[Data records]
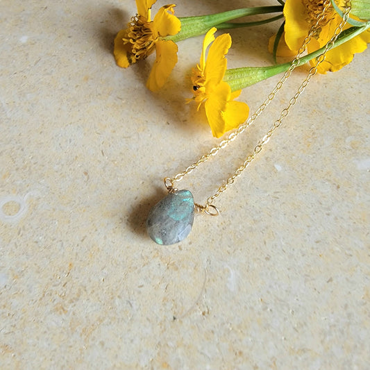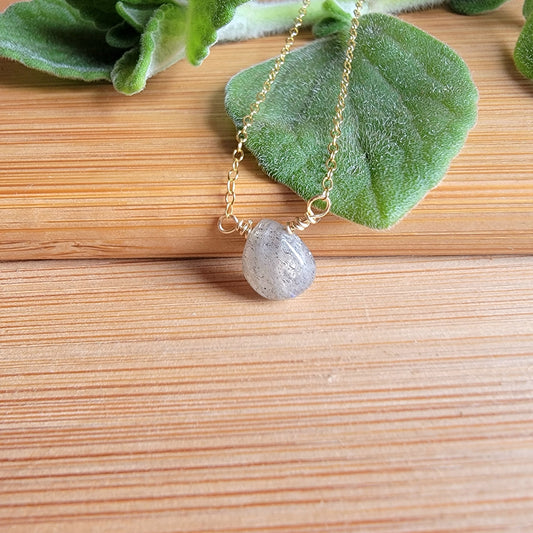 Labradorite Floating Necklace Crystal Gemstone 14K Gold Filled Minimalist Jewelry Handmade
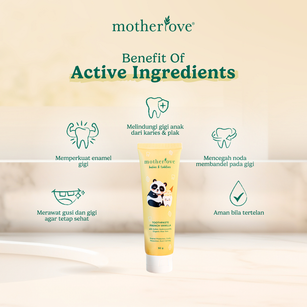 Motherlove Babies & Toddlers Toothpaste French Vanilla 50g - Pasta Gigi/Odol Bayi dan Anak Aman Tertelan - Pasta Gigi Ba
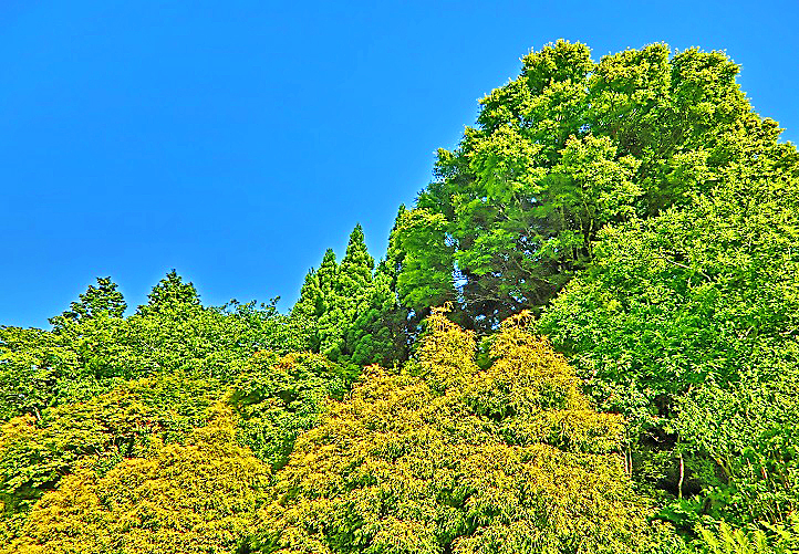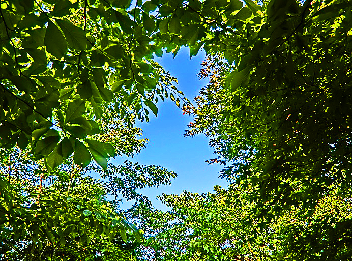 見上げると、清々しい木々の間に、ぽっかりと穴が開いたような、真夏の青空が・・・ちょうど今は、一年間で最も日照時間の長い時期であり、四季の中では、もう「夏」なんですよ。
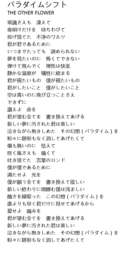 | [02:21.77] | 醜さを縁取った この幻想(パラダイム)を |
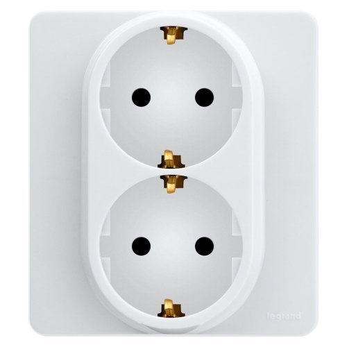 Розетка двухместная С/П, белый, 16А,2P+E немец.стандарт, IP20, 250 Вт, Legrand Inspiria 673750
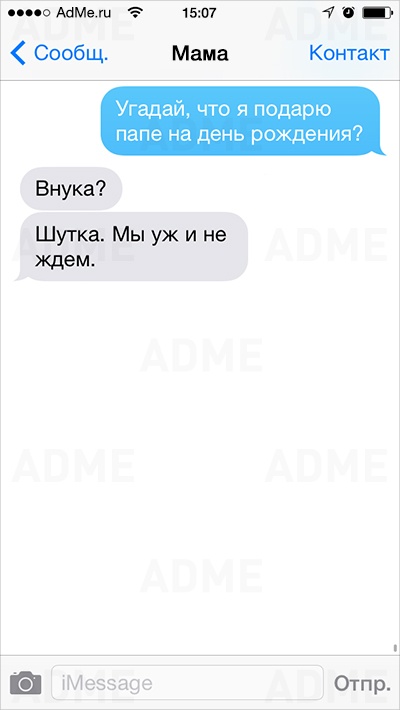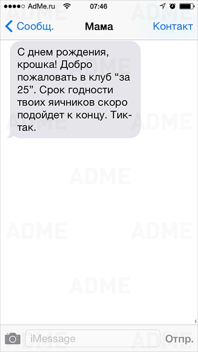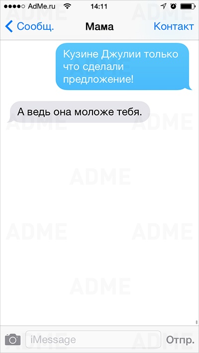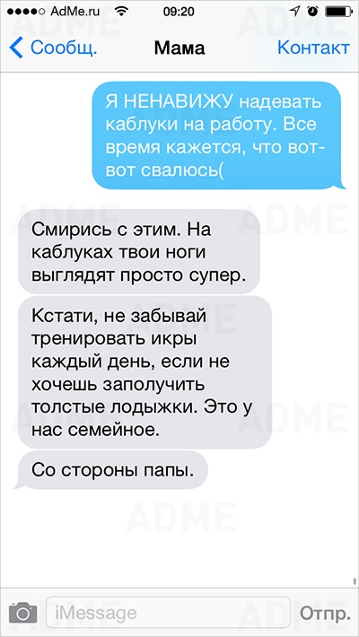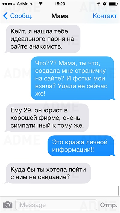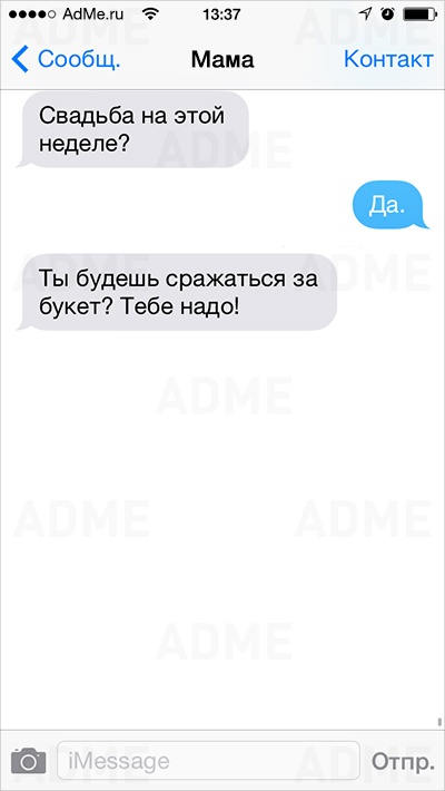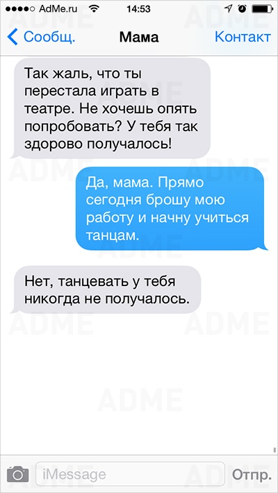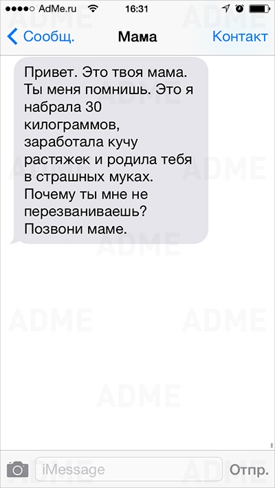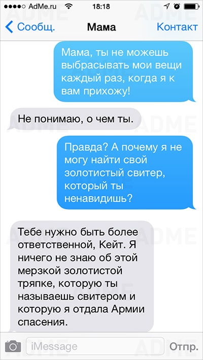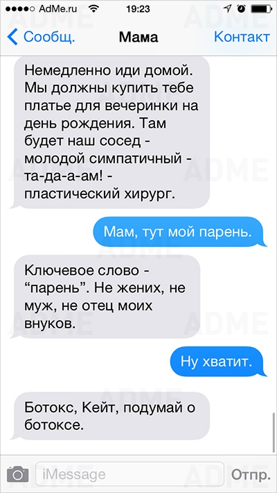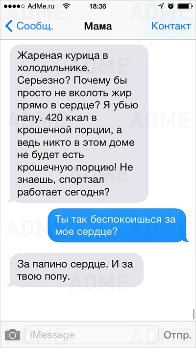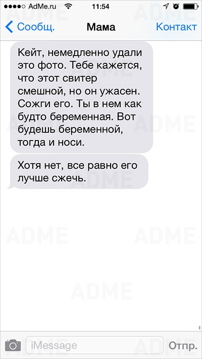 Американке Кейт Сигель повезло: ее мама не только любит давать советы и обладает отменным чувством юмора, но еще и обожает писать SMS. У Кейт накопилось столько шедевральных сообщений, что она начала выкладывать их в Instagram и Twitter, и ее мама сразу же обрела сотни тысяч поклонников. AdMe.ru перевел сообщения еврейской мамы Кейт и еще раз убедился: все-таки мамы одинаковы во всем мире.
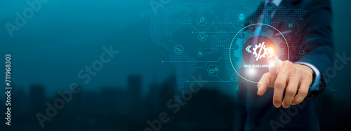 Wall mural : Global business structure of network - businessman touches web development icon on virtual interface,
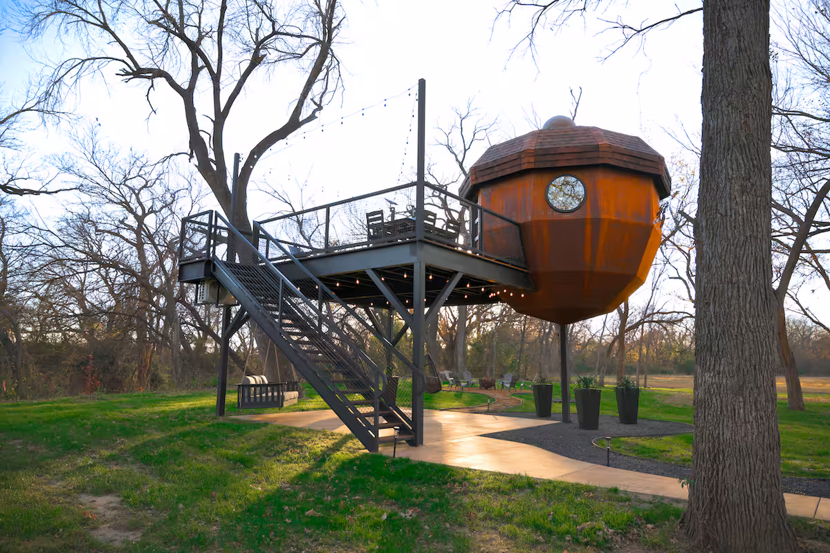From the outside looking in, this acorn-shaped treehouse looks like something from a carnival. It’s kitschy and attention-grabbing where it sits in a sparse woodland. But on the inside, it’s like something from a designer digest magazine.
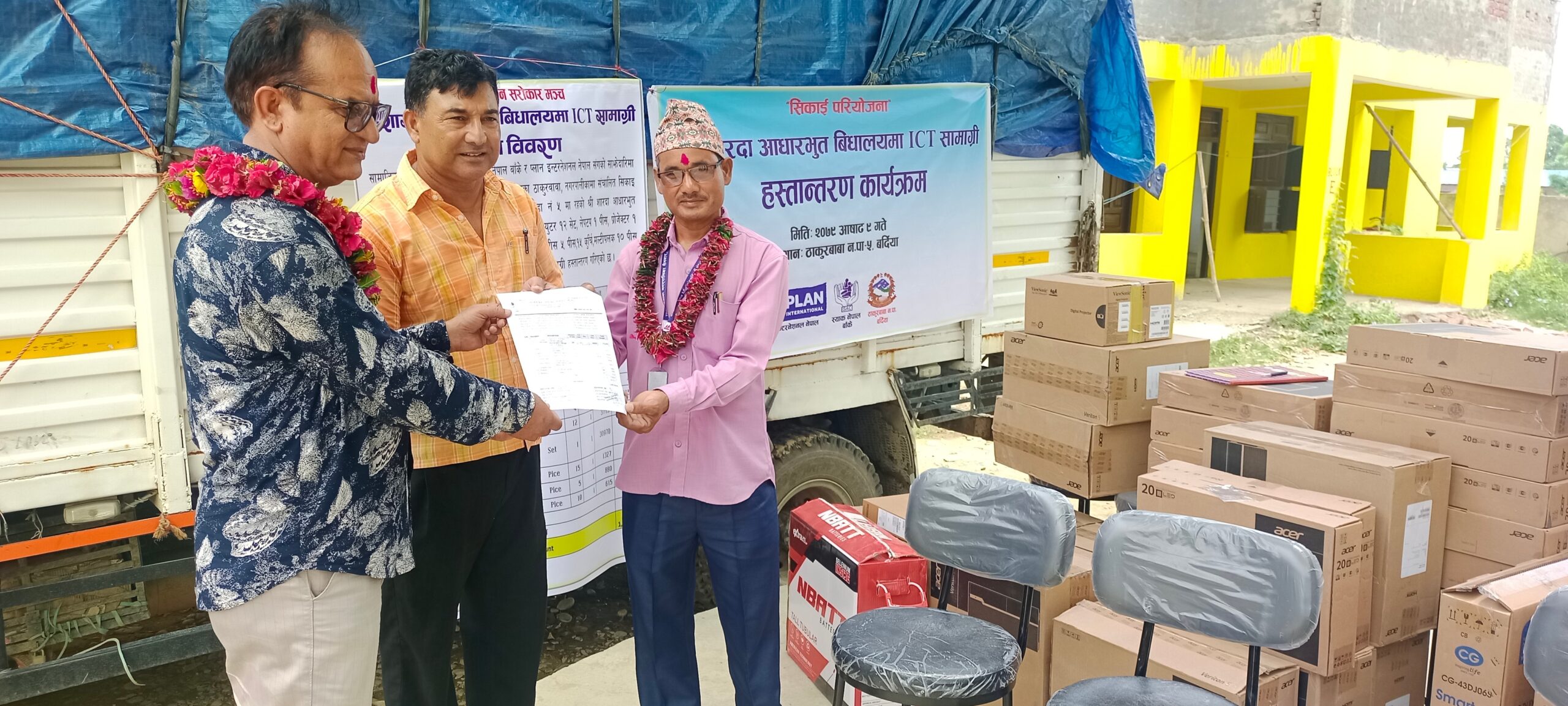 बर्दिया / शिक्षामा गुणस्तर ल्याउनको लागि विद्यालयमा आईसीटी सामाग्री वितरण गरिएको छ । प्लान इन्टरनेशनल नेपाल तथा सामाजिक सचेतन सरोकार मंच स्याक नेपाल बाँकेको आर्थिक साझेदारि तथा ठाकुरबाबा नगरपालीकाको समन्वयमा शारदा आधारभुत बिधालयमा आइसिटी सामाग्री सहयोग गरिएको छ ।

**WORK INSTRUCTIONS**
Your answer should consist of the lines above between those holding "Розетка двухместная С/П, белый, 16А,2P+E" and "Wall mural : Global", inclusive, reproduced word for word and without pictures.

**EXERCISE RESULT**
 Розетка двухместная С/П, белый, 16А,2P+E немец.стандарт, IP20, 250 Вт, Legrand Inspiria 673750
 Американке Кейт Сигель повезло: ее мама не только любит давать советы и обладает отменным чувством юмора, но еще и обожает писать SMS. У Кейт накопилось столько шедевральных сообщений, что она начала выкладывать их в Instagram и Twitter, и ее мама сразу же обрела сотни тысяч поклонников. AdMe.ru перевел сообщения еврейской мамы Кейт и еще раз убедился: все-таки мамы одинаковы во всем мире.
 Wall mural : Global business structure of network - businessman touches web development icon on virtual interface,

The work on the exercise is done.